Eric had a distinguished  career  in  the  Public  Service .  In  1916  he  joined  the Taxation  Office  as clerk .  In  1924 he  transferred  to Dept  of Labour and served in  Rockhampton,  Bundaberg, Innisfail  and Townsville ,  acting as Labour  Agent  and Industrial  Inspector.                     
He returned to Brisbane in 1940, and in 1941 he transferred  to  the Commonwealth  Dept  of Labour  & National  Service  and established  the National Employment  Office  in  Brisbane.  The following year  he was  appointed Asst Deputy  Director-General  of Manpower  in  Queensland, and held this  important· position  through the war years .  After the war, he remained with the same Commonwealth  Department,  becoming  Deputy  Director of  Employment  for Queensland. In this position he established and organized the Commonwealth Employment Service. 
 In  1952,  Eric  Laws became Queensland  Regional  Director  of Department of  Labour  and  National  Service,  a  post  he  held  until  he  retired  in  1961.
Eric Laws married May Owens and they  lived  happily  until   she died in her  fifties. There were no children.
Later, he married Margaret (Peg) Shaw and they lived  for many years at  Victoria  Point.  Mrs Peg Laws still lives here in Cartwright St. (in 1987 ) (1)
Eric had a remarkable record of community involvement. He  joined  Rotary in  Townsville.  In  the  Cleveland Branch he served as President,  and was so valuable  a part  of the  club  he became  known  as  "Mr Rotary".  As well, he served on the local Ambulance Committee, the Cancer Fund Society  and the church  council.  With his wide experience of public affairs, he was of great assistance to these organizations.  Besides this, he was always ready to help any individual who  came  to him. He was  highly  revered in  the  community.

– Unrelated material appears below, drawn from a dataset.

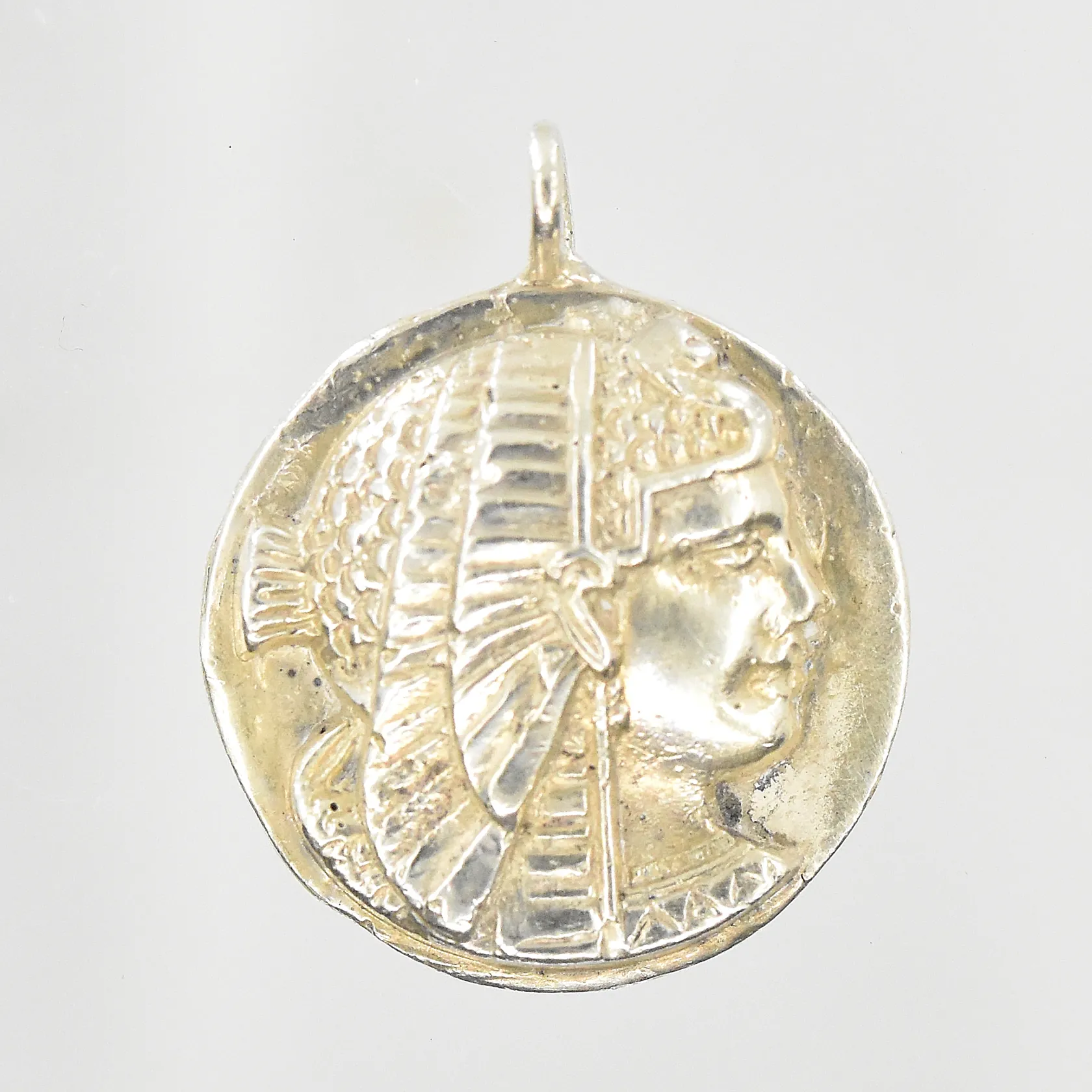 Hänge Egyptiskt motiv, längd 27 mm, Ø22 mm, borrhål på baksida, 835/1000 silver. Vikt: 13,7 g.

Unfortunately,  only  three  weeks after  the death  of his  mother, Eric  Laws  died suddenly, aged  66   years .

Percy b 1873 Brisbane, Ernie b 1864 Hampshire England, Frank b 1875 Brisbane, Lionel b 1868 at sea.

 Eldest  son William Camper  Laws was born in  1859 and remained in  England with his  Goodall grandparents. (2)

This  photo was taken  on 19th  Dec. 1940 when some  of the family  gathered  to farewell  Jack Laws  at Redbank Army Camp,  just  before he left  for  overseas service  with 2nd  15t h Battalion.   Jack’s brother  Frank took the photo.